[Stored data entries]
━━━━━━━━━━━━━━━━

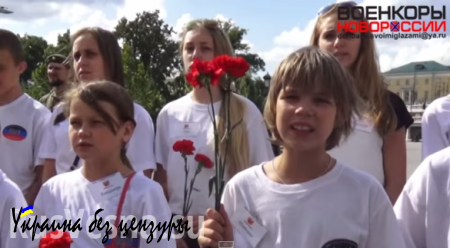 Дети из Горловки вместе с ополченцами развернули флаги Новороссии у стен Кремля (ВИДЕО)
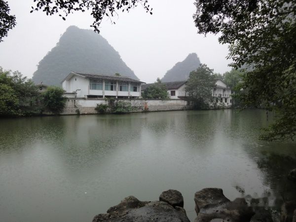第二天睡到自然醒,退房后就直奔火车站广场,那里有很多到阳朔的班车,一问到阳朔要18块钱,便冒充内行:我的朋友都说是15块的。那车主见忽悠不了偶,就同意15块钱了。一路的上落客,本该90分钟的车程搞得走了两个多小时才到,后来别人都说那种慢车到阳朔只要12元就可以了的,靠、还是给她忽悠了。出了车站,天下起毛毛细雨、望着旁边行色匆匆忙的赶路人,偶却在悠然的在雨中漫步观尝街景、雨中的阳朔别有一种诗意美景,朦朦胧胧 好像一幅山水画卷。
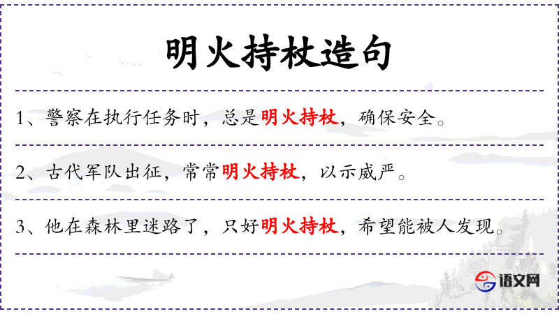 - 明火持杖:动词短语,表示点燃火把并拿着手杖,可能用于照明和支撑。
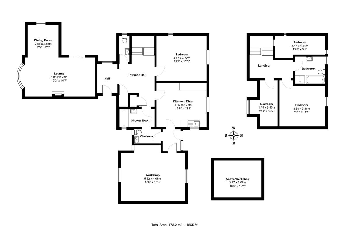 Shower Room: 9'5" x 5'1" (2.87m x 1.55m) + 7'2" x 3'10"
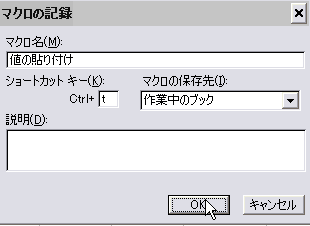 「値の貼り付けマクロ」など、内容が分かる名前にしましょう。
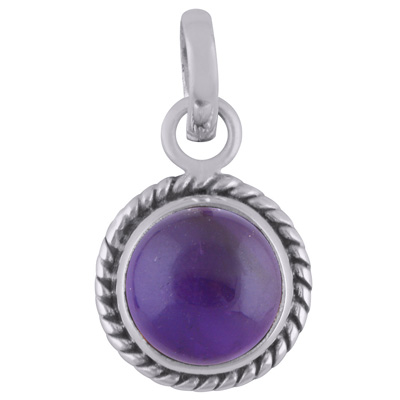 Home | Silver Pendants | Cabochon Pendants | Gorgeous Twisted Wire Work Around Amethyst Round Shape 925 Sterling Solid Silver Pendants

━━━━━━━━━━━━━━━━

*WORK TO COMPLETE*
Reproduce the entries exactly. Do not carry over any picture.

*RESPONSE AREA*
 Дети из Горловки вместе с ополченцами развернули флаги Новороссии у стен Кремля (ВИДЕО)
第二天睡到自然醒,退房后就直奔火车站广场,那里有很多到阳朔的班车,一问到阳朔要18块钱,便冒充内行:我的朋友都说是15块的。那车主见忽悠不了偶,就同意15块钱了。一路的上落客,本该90分钟的车程搞得走了两个多小时才到,后来别人都说那种慢车到阳朔只要12元就可以了的,靠、还是给她忽悠了。出了车站,天下起毛毛细雨、望着旁边行色匆匆忙的赶路人,偶却在悠然的在雨中漫步观尝街景、雨中的阳朔别有一种诗意美景,朦朦胧胧 好像一幅山水画卷。
 - 明火持杖:动词短语,表示点燃火把并拿着手杖,可能用于照明和支撑。
 Shower Room: 9'5" x 5'1" (2.87m x 1.55m) + 7'2" x 3'10"
 「値の貼り付けマクロ」など、内容が分かる名前にしましょう。
 Home | Silver Pendants | Cabochon Pendants | Gorgeous Twisted Wire Work Around Amethyst Round Shape 925 Sterling Solid Silver Pendants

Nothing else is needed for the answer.